Wybór jesionu jako głównego materiału konstrukcyjnego wynikał z założenia, że na potrzeby budowy nie zostaną wycięte żadne dodatkowe drzewa - równocześnie w pobliskim lesie Siebentisch usunięto jesiony ze względów bezpieczeństwa drogowego, co pozwoliło na ich wykorzystanie w projekcie. Tak decyzje inwestorów opisują architekci:
Ślady przeszłości w postaci metalowych fragmentów wielkości kciuka, pozostałości po bombardowaniu lasu miejskiego Augsburga, również nie stanowiły problemu: „Bierzemy to, jakie jest!” – brzmiała decyzja właścicieli. Bliskość surowca umożliwiła również proces produkcyjny oparty na krótkich trasach transportowych – od lasu, przez tartak i pobliski zakład stolarski, aż po plac budowy – co było zgodne z zasadami oszczędnego gospodarowania zasobami, którymi kierowali się wszyscy zaangażowani w projekt.

i

i
Realia drewnianego, nowoczesnego budownictwa
Anton II i towarzyszące mu założenia projektowe udowadniają, że innowacyjne technologie mogą realizować się poprzez tak tradycyjny materiał, jakim jest drewno. Mimo, że architektura drewniana nie jest w naszym kraju niczym obcym, to jednak polscy inwestorzy i prawodawcy mają opory przed zaufaniem nowoczesnym, drewnianym materiałom. Tak pisał na naszych łamach Artur Celiński w tekście dotyczącym Biurowca z CLT w miejscowości Wielu:
Kaszubski biurowiec jest jednym z niewielu polskich realizacji tego typu. (...) Podczas, gdy na świecie powstają coraz to wyższe obiekty tego typu, wielu Polakom drewniany budynek kojarzy się raczej z dawnymi czasami lub domkami letniskowymi. Polscy prawodawcy – nawet jeśli mają znaczenie szersze horyzonty – również nie ufają drewnu.

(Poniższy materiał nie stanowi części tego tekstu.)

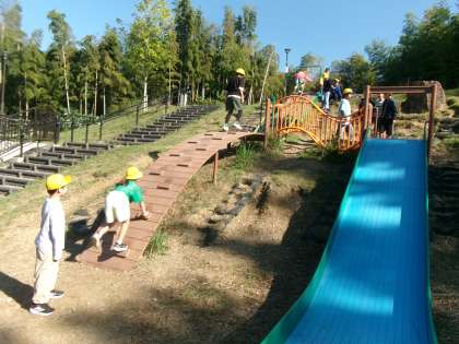 到着した後、トイレ休憩をしながら公園の遊具を使って遊びました。

Stawiają przed nim szereg wyzwań i regulacji, którym drewno, ze względu na swoją naturę, nie jest w stanie sprostać. Dotyczy to przede wszystkim kwestii pożarowych. To między innymi za ich przyczyną budownictwo drewniane ogranicza się przede wszystkim do małych budynków, najczęściej domów jednorodzinnych. Przy większych prawo wymusza stosowanie materiałów zupełnie niepalnych, czyli np. konstrukcji żelbetowych odgraniczających różne strefy pożarowe.
Czy Polska ma szansę na drewnianą przyszłość?

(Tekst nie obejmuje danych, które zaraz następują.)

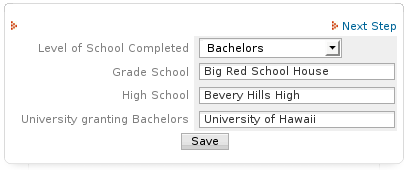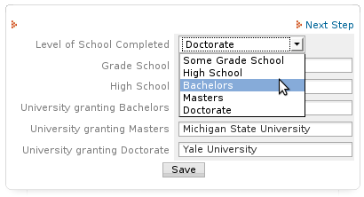 When the users select "Bachelors", they are only asked to enter the name of their grade school, high school and the university which granted the bachelors degree.

W związku z wprowadzeniem unijnej dyrektywy w sprawie sprawozdawczości w zakresie zrównoważonego rozwoju (CSRD - Corporate Sustainability Reporting Directive) wielu producentów budowlanych zwraca się w stronę ekologicznej produkcji. Tradycyjna produkcja betonu, mimo że popularna i sprawdzona, wiąże się z wieloma negatywnymi skutkami środowiskowymi, takimi jak np. emisja tlenku węgla podczas procesu wiązania betonu.
Szacuje się, że produkcja betonu odpowiada za nawet 8 proc. światowych emisji CO2. Winny jest temu szczególnie cement portlandzki, którego pojedyncza tona przekłada się na emisję od 800 do 900 kg dwutlenku węgla. Z tego powodu drewno, które od wieków odgrywa kluczową rolę w polskiej tradycji budowlanej, ma szansę stać się najatrakcyjniejszym materiałem budowalnym.
Czytaj także: To nie jest kraj dla drewnianych prefabrykatów. Co sprawia, że nie decydujemy się na tę technologię?
Tym, co może mu to utrudnić, jest – przywołana powyżej – nieufność Polaków względem drewna jako materiału budowlanego. Drewno często kojarzone jest ze specyficznymi typami budynków, takimi jak domki letniskowe, wiejskie chaty, kościoły czy skanseny. Kwestionowana jest jego wytrzymałość i ognioodporność. Wielu ludzi uważa, że narażanie go na działanie promieni słonecznych może prowadzić do widocznych różnic w wyglądzie elewacji. Do tego dochodzi lęk o uszkodzenie materiału przez szkodniki, który nijak nie idzie w parzę z myśleniem o drewnie jak o nowoczesnym materiale.
Obecnie obawy te nie są niczym uzasadnione; technologia drewniana poszła znacznie do przodu, często proponując więcej zalet, niż pozostałe materiały budowlane. Na przykład budynek wzniesiony w drewnianej technologii prefabrykowanej można dosłownie „złożyć” i „rozłożyć”, podczas gdy rozmontowanie budynku ze stali lub żelbetu pozostaje niewykonalne.